INPUT -

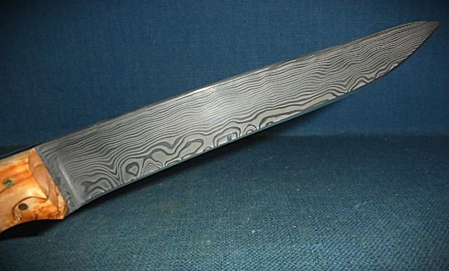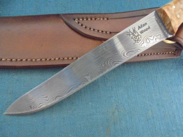 This knife is outstanding, with a 5.75" Damascus blade stamped with the logo Alan Wood, and it is 10.75" overall
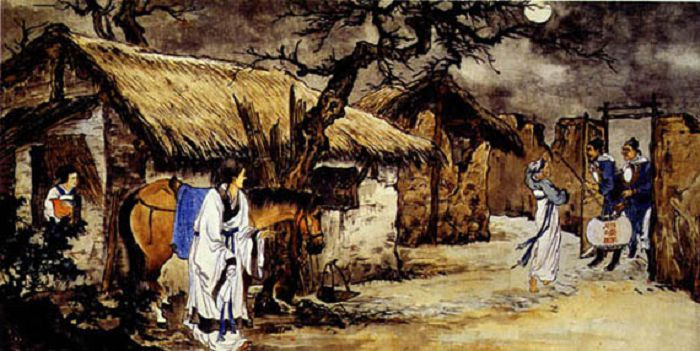 《石壕吏》场景绘画。 图片来源:杜甫草堂博物馆
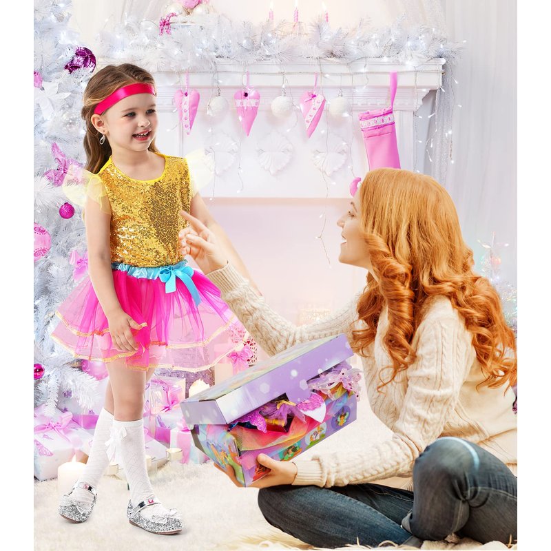 - 👗【Dress up Clothes for Little Girls Set】: All dress up clothes for little girls are made of prime polyester with stretchy elastic waistband for most comfort fit. Unicorn tutu with unique detachable colorful tail. Tops are feature velcro closure for easily on and off,skirt have layers of light gauze. Attracts your toddler girl deeply, she can't wait to put on these girls dress up costumes to be a beautiful princess.
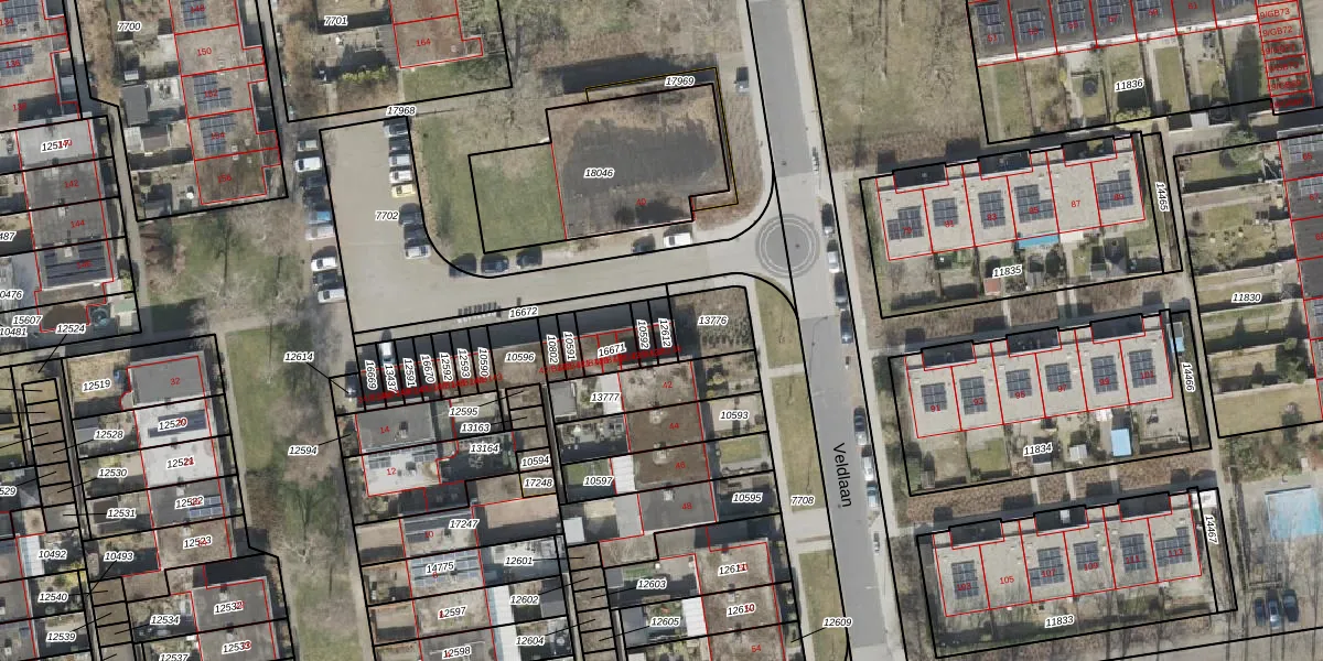 Veldlaan 42-B136 is gelegen op kadastraal perceel EMN00F12612. Deze kadastrale aanduiding is uniek en wordt gebruikt door het Kadaster om eigendomsrechten en andere zakelijke rechten vast te leggen. Het perceel maakt onderdeel uit van de kadastrale gemeente Emmen.
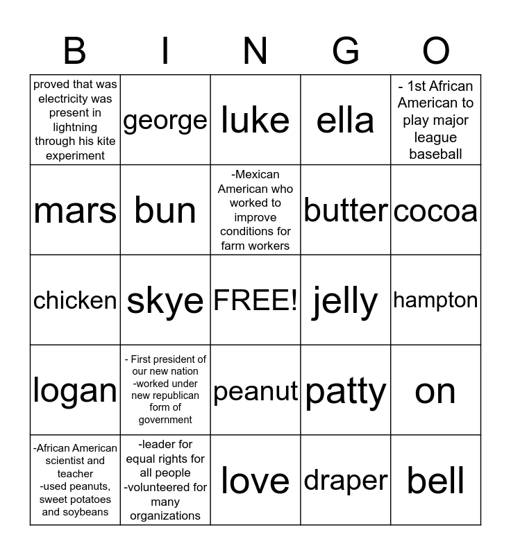 This bingo card has a free space and 24 words: - First president of our new nation -worked under new republican form of government, -leader for equal rights for all people -volunteered for many organizations, -Mexican American who worked to improve conditions for farm workers, -African American scientist and teacher -used peanuts, sweet potatoes and soybeans, - 1st African American to play major league baseball, proved that was electricity was present in lightning through his kite experiment, mars, george, jelly, peanut, butter, chicken, patty, on, bun, draper, hampton, luke, cocoa, skye, bell, logan, ella and love.
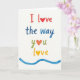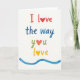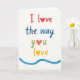 This greeting card features a white background with a friendly, hand-drawn look that feels like a note passed between close partners or dear friends ❤️. Centered on the front, the message reads “I love the way you love” arranged in three stacked lines with generous spacing. The top line, “I love,” is in rich red, and the “o” in “love” is replaced by a small red heart that leans into the word like a quiet kiss. The middle line, “the way,” appears just below in deep blue, guiding the eye downward in a calm, steady rhythm. On the third line, “you” is written in green, followed by “love” marked first with an orange heart and then a final “love” in warm yellow with another heart, like two people echoing each other’s affection 🌼. The letters have soft, brush-like edges, and a faint paper texture shows through, giving the colors a gentle, lived-in feel. Along the bottom edge, a wavy blue line stretches from side to side, lightly framing the text.
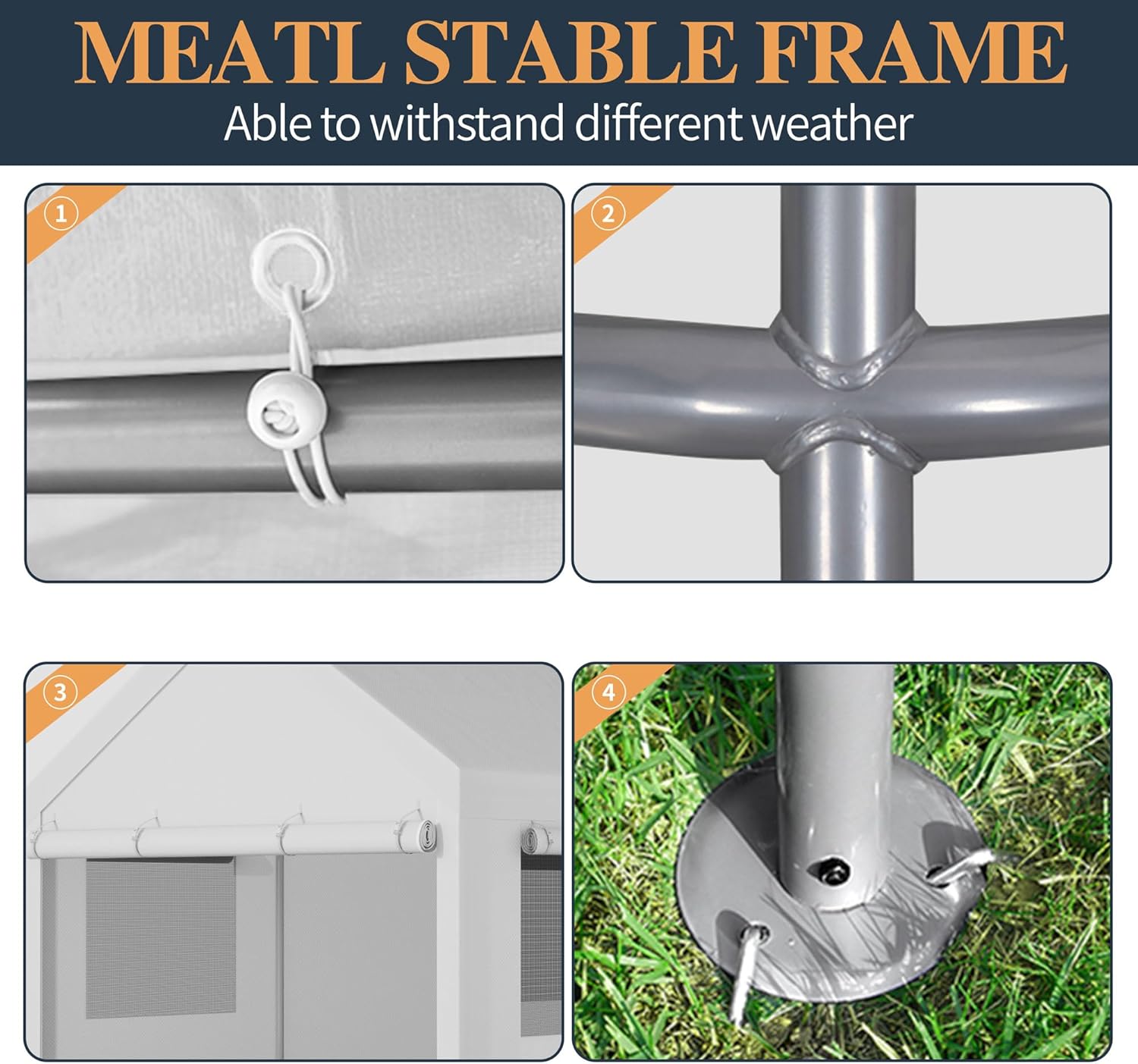 - 【Heavy Stable Metal Frame】: Our heavy duty car garage tent uses 8 strong φ38mm galvanized steel pipes, unique double wall construction, wall thickness of 0.8mm, durable. The surface is coated with anti-rust powder coating to prevent cracking, peeling, rust and corrosion.
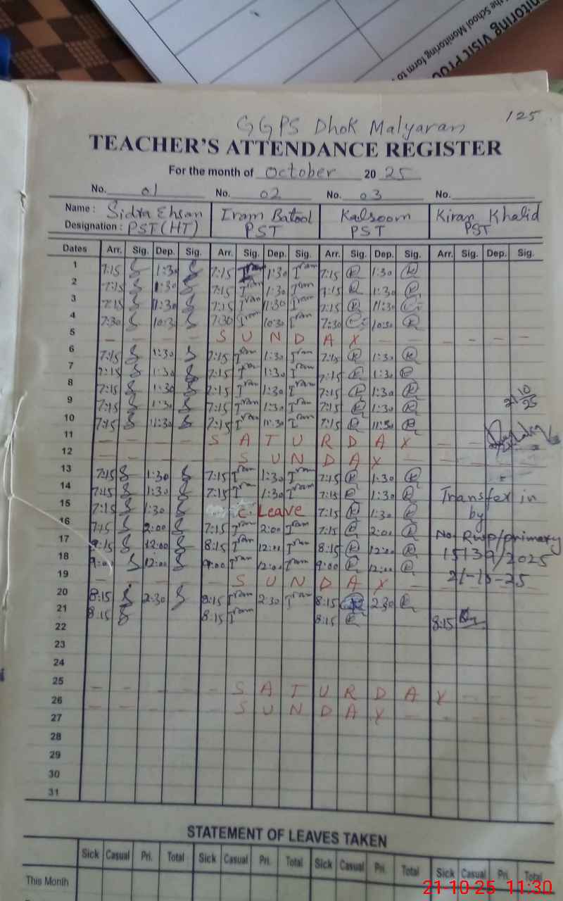 | EMIS Code: 37340095 | Name of School: GGPS DHOK MALLARIAN | |||
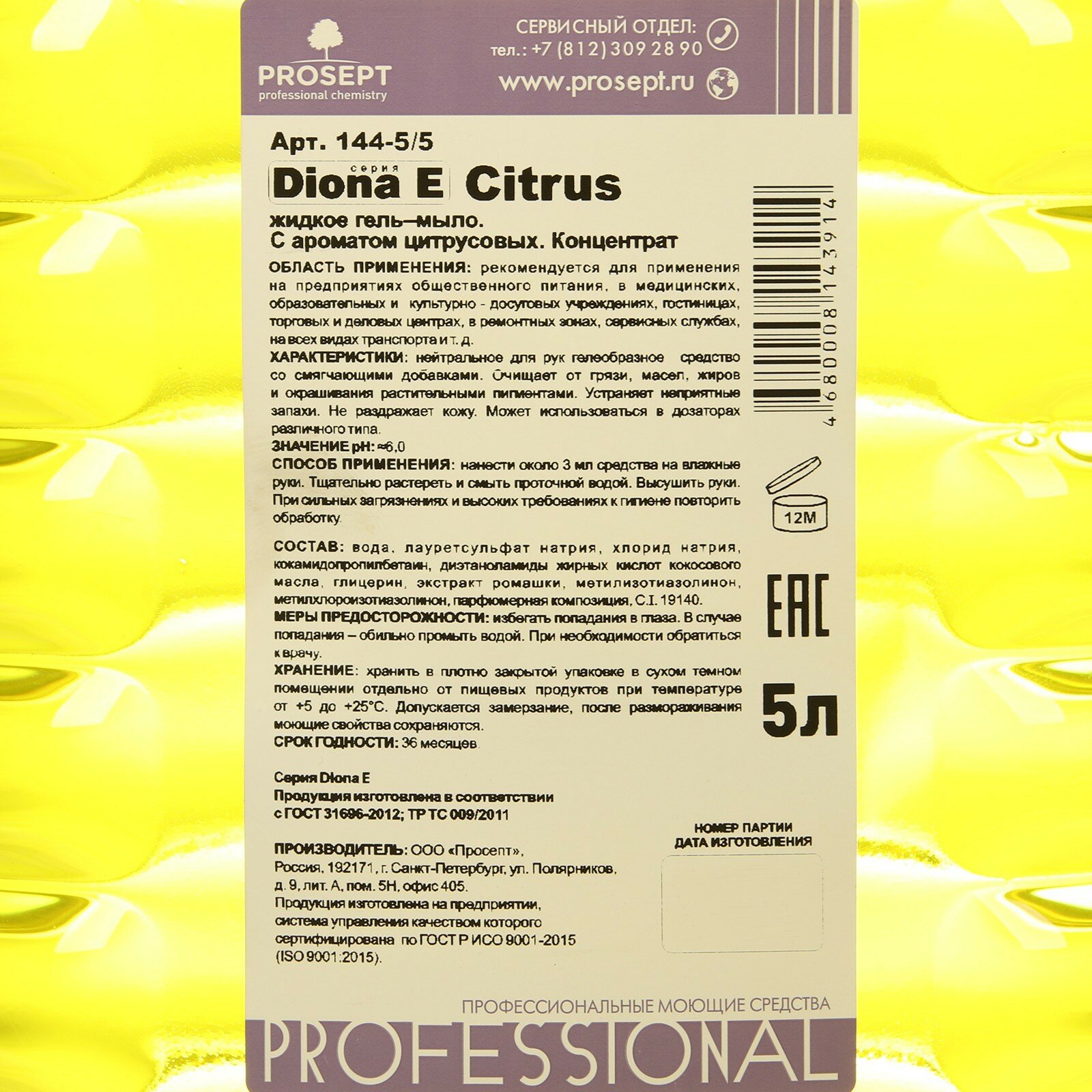 Купить Жидкое мыло Prosept Diona Сitrus Е цитрусовый аромат, 5л, ПЭТ

WHAT YOU NEED TO DO - From first line to last, return the records verbatim without their pictures.

EXERCISE RESULT -
 This knife is outstanding, with a 5.75" Damascus blade stamped with the logo Alan Wood, and it is 10.75" overall
 《石壕吏》场景绘画。 图片来源:杜甫草堂博物馆
 - 👗【Dress up Clothes for Little Girls Set】: All dress up clothes for little girls are made of prime polyester with stretchy elastic waistband for most comfort fit. Unicorn tutu with unique detachable colorful tail. Tops are feature velcro closure for easily on and off,skirt have layers of light gauze. Attracts your toddler girl deeply, she can't wait to put on these girls dress up costumes to be a beautiful princess.
 Veldlaan 42-B136 is gelegen op kadastraal perceel EMN00F12612. Deze kadastrale aanduiding is uniek en wordt gebruikt door het Kadaster om eigendomsrechten en andere zakelijke rechten vast te leggen. Het perceel maakt onderdeel uit van de kadastrale gemeente Emmen.
 This bingo card has a free space and 24 words: - First president of our new nation -worked under new republican form of government, -leader for equal rights for all people -volunteered for many organizations, -Mexican American who worked to improve conditions for farm workers, -African American scientist and teacher -used peanuts, sweet potatoes and soybeans, - 1st African American to play major league baseball, proved that was electricity was present in lightning through his kite experiment, mars, george, jelly, peanut, butter, chicken, patty, on, bun, draper, hampton, luke, cocoa, skye, bell, logan, ella and love.
 This greeting card features a white background with a friendly, hand-drawn look that feels like a note passed between close partners or dear friends ❤️. Centered on the front, the message reads “I love the way you love” arranged in three stacked lines with generous spacing. The top line, “I love,” is in rich red, and the “o” in “love” is replaced by a small red heart that leans into the word like a quiet kiss. The middle line, “the way,” appears just below in deep blue, guiding the eye downward in a calm, steady rhythm. On the third line, “you” is written in green, followed by “love” marked first with an orange heart and then a final “love” in warm yellow with another heart, like two people echoing each other’s affection 🌼. The letters have soft, brush-like edges, and a faint paper texture shows through, giving the colors a gentle, lived-in feel. Along the bottom edge, a wavy blue line stretches from side to side, lightly framing the text.
 - 【Heavy Stable Metal Frame】: Our heavy duty car garage tent uses 8 strong φ38mm galvanized steel pipes, unique double wall construction, wall thickness of 0.8mm, durable. The surface is coated with anti-rust powder coating to prevent cracking, peeling, rust and corrosion.
 | EMIS Code: 37340095 | Name of School: GGPS DHOK MALLARIAN | |||
 Купить Жидкое мыло Prosept Diona Сitrus Е цитрусовый аромат, 5л, ПЭТ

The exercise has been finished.